Now we have identified the sources of variation, we can define a
model. We will model the main effects for Diet and
Duration, and a Diet:Duration interaction, to
account for proteins for which the Diet effect changes
according to Duration, and vice versa, which can be written
as Diet + Duration + Diet:Duration, shortened into
Diet * Duration. Adding the technical sources of variation,
the model becomes.
model <- ~ Diet * Duration + ## (1) fixed effect for Diet and Duration with interaction
(1 | BioReplicate) + ## (2) random effect for biological replicate (mouse)

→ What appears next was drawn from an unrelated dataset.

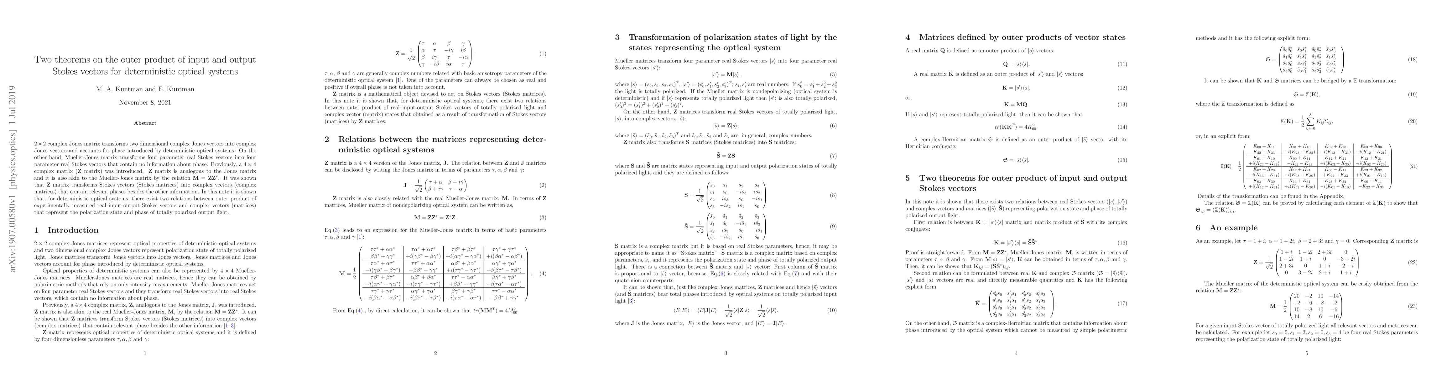 Researchers found two theorems that relate measured Stokes vectors to complex vectors representing polarization state and phase in deterministic optical systems.

(1 | Label) + ## (3) random effect for label
(1 | Mixture) + ## (4) random effect for mixture
(1 | Run) + ## (5) random effect for MS run
(1 | Run:ionID) + ## (6) random effect for spectrum, i.e. ionID nested in run
(1 | Run:Label) ## (7) random effect for label nested in MS runWe can run the msqrob2 statistical workflow.
The statistical workflow starts with msqrobAggregate().
The function takes the QFeatures object, extracts the
quantitative values from the "ions_norm" set generated
after preprocessing, and fits model. The variables defined
in model are automatically retrieved from the
colData (i.e. "Diet", "Duration",
"Label", "Run", "Mixture",
"BioReplicate") and from the rowData (i.e.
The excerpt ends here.